We needed something to give us hope and strength to start over. We needed God on our side. So the sacrifice was natural, it was quickly and collectively agreed on. But afterwards things got a little complicated. My brothers had their own families to take care of and I mine. We had to talk about how we were apportioning the land so we could begin assigning responsibility for building cities and roads and cleaning up what the Flood had wrought.

Dad…that’s another story. The flood changed him. I will always have respect for him but I was really worried for him on the boat. He never slept – he just worked and worked, with no sleep, always checking on even the lowliest of animals. He was even bitten by a lion once (for not coming with the lion’s food quickly enough!). This gave him a powerful limp he still has not recovered from. I’m not sure if he ever well. So you can imagine that when we emerged, Dad wasn’t really in any shape to work. With his limp, his over-exhaustion, and his depression, he was unfit for hard labor. But he tried anyway. There was no one left to preach to and the only other job he knew was the one his father had trained him in: farming. So Dad found an old vine sticking up from the muck at the bottom of the mountain, and he began working to re-infuse it with life.
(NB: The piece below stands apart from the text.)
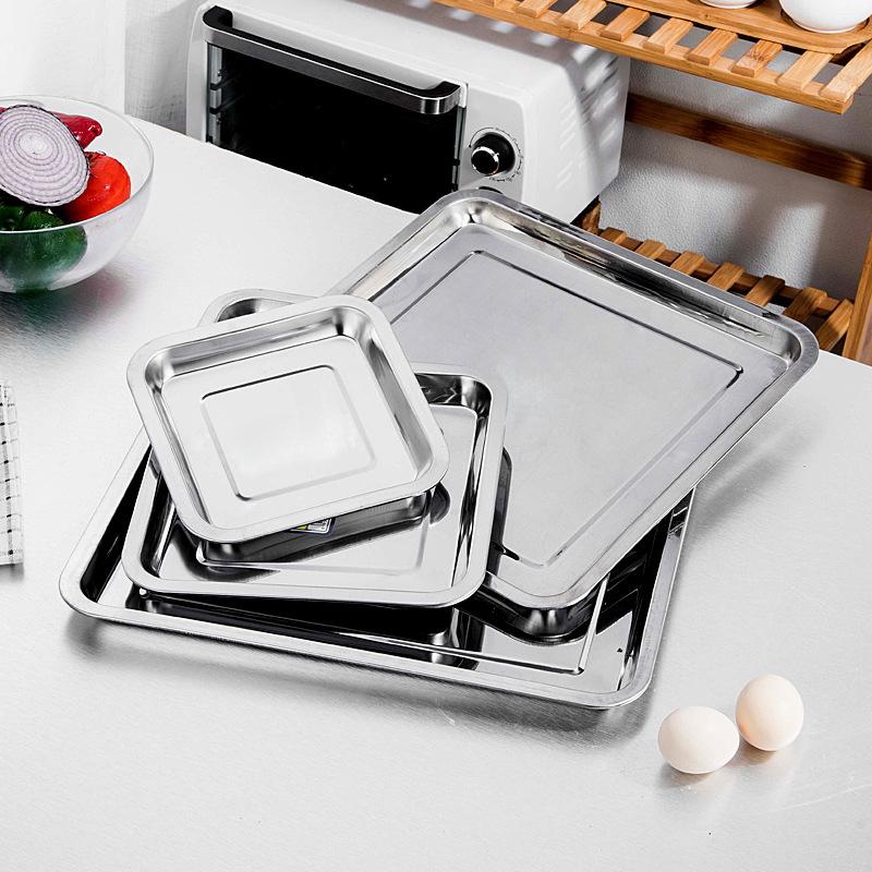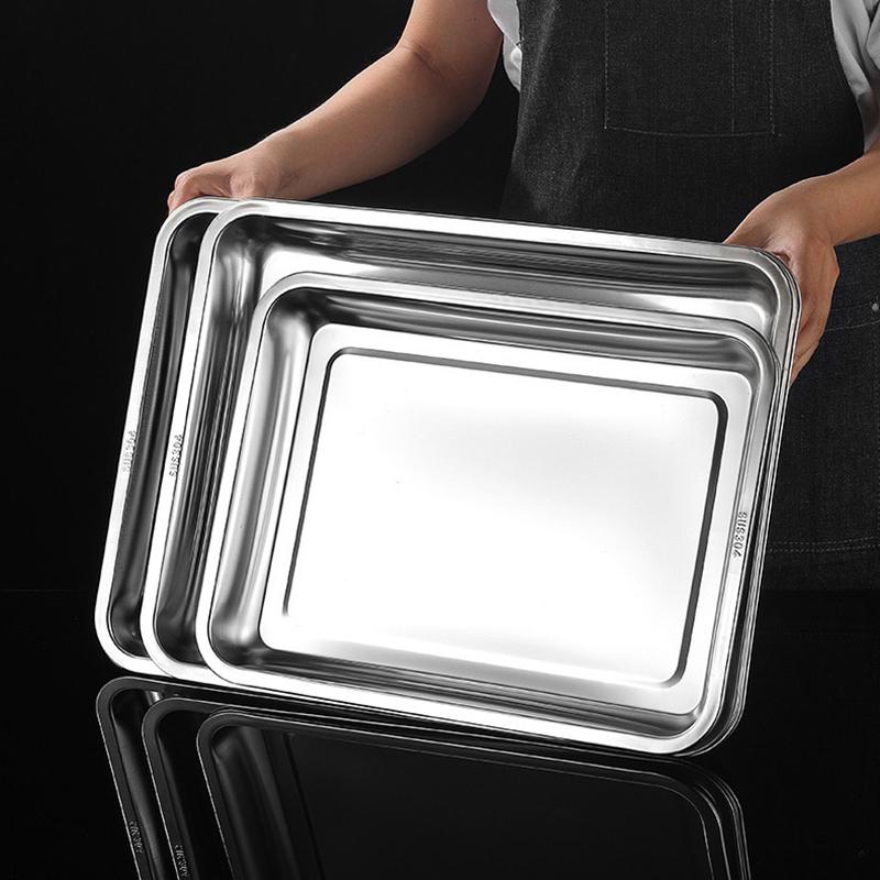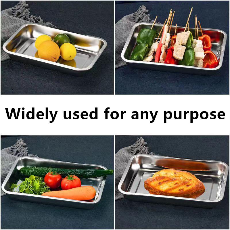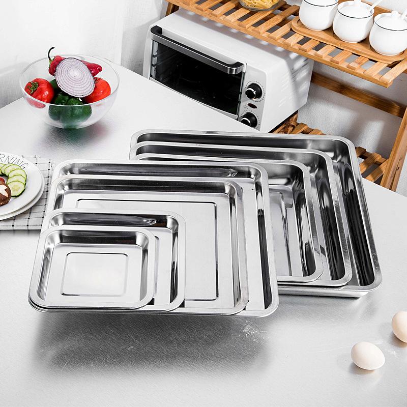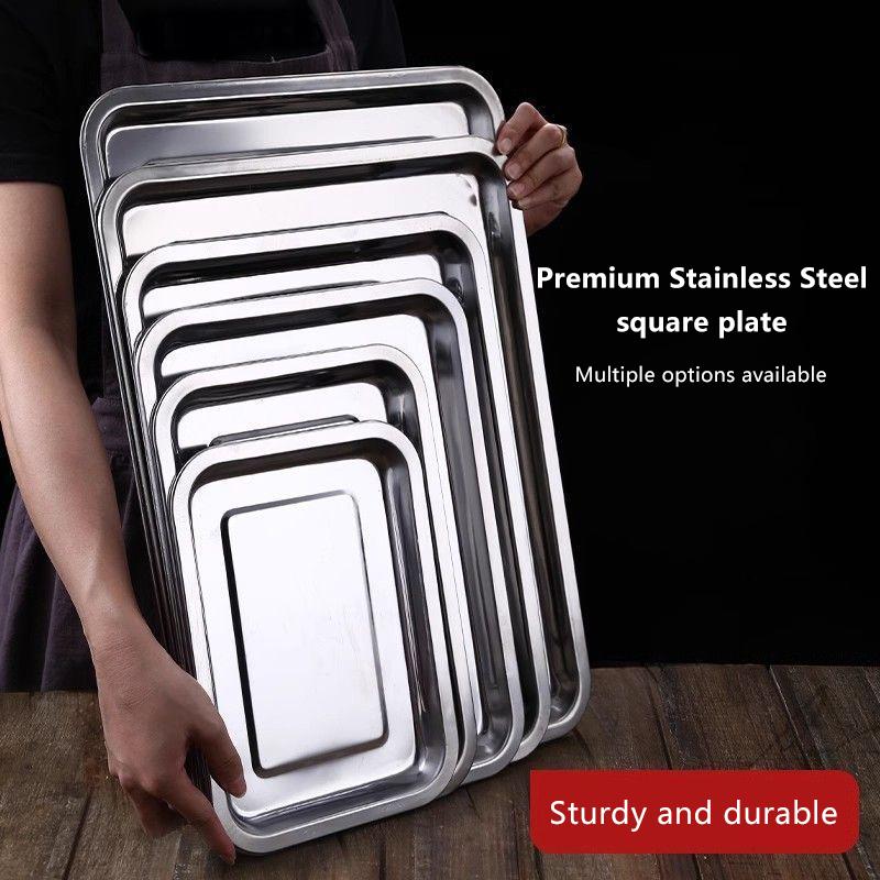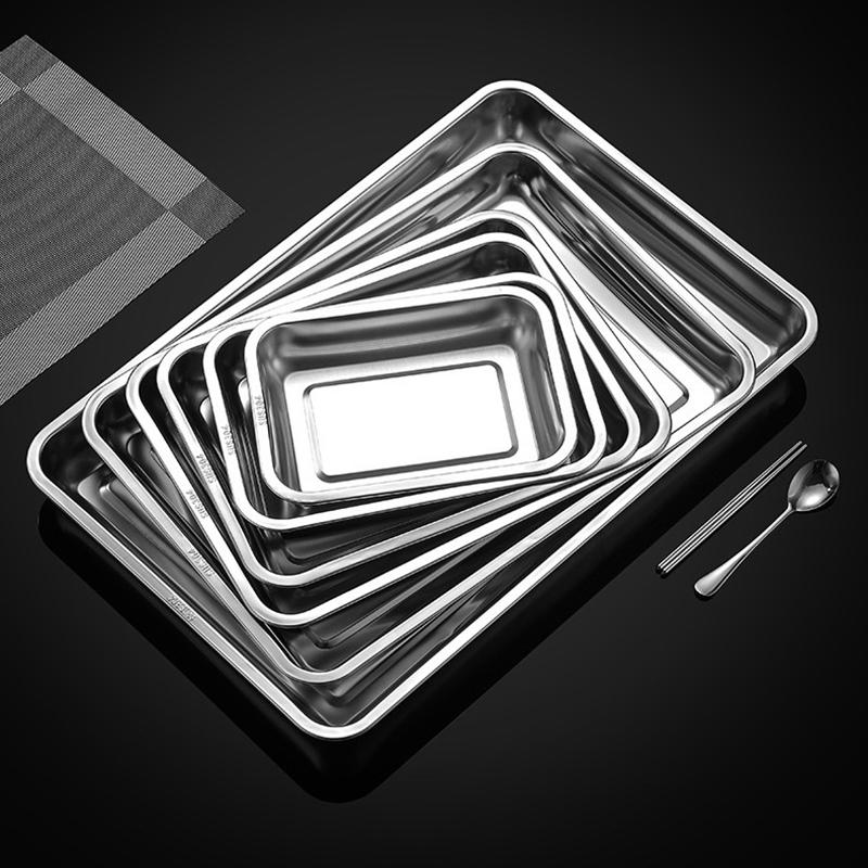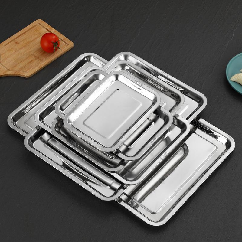 Подносы из нержавеющей стали для хранения чая и сервировки для барбекю, прямоугольные, тарелка для вареного риса и сосисок, гриль для мяса, ресторанная металлическая посуда, 1 шт.

You gotta hand it to him, after a few years, he had the beginnings of a beautiful vineyard and he was even making new wine from it.

But we rarely saw him. It seems like he put all of his troubles into his work and really lost himself in it. I couldn’t take it anymore. I had to say something to him, “take it easy”, “let us help you”, anything. One day I went to check on him in the middle of the work day. I saw him lying naked in his tent, clearly drunk. His tent was a mess. I had no idea what to do. I was embarrassed for him and myself, and afraid that I had seen this. I quickly ran to town to tell my brothers what I had seen, and to ask them what we could do about it. I have always looked up to שם and יפת and I trust them in everything. They had a genius idea of a way to cover Dad up without seeing him. So they did this. I was too embarrassed to go back there, so I stayed away hoping to hear good news. Meanwhile, I tried to figure out a way to make things nice for him when he came back home.

But when I saw him, he flew into a rage. He said he knew I had been in the tent and he cursed my son as a slave to his brothers. What did כנען do to deserve this? What did I do to earn this fate? I was the one who came to check on him in the first place. Dad has certainly changed since the flood and I don’t know what to do now. I feel now not only estranged from him, but from everyone else, as if in a personal exile.

We may move soon because שם and יפט’s wives have stopped inviting my wife over, and we see less of my brothers in town. I guess this is just the way of the world. I hope to see my family again but I’m not sure if that will happen the way things seem to be working out.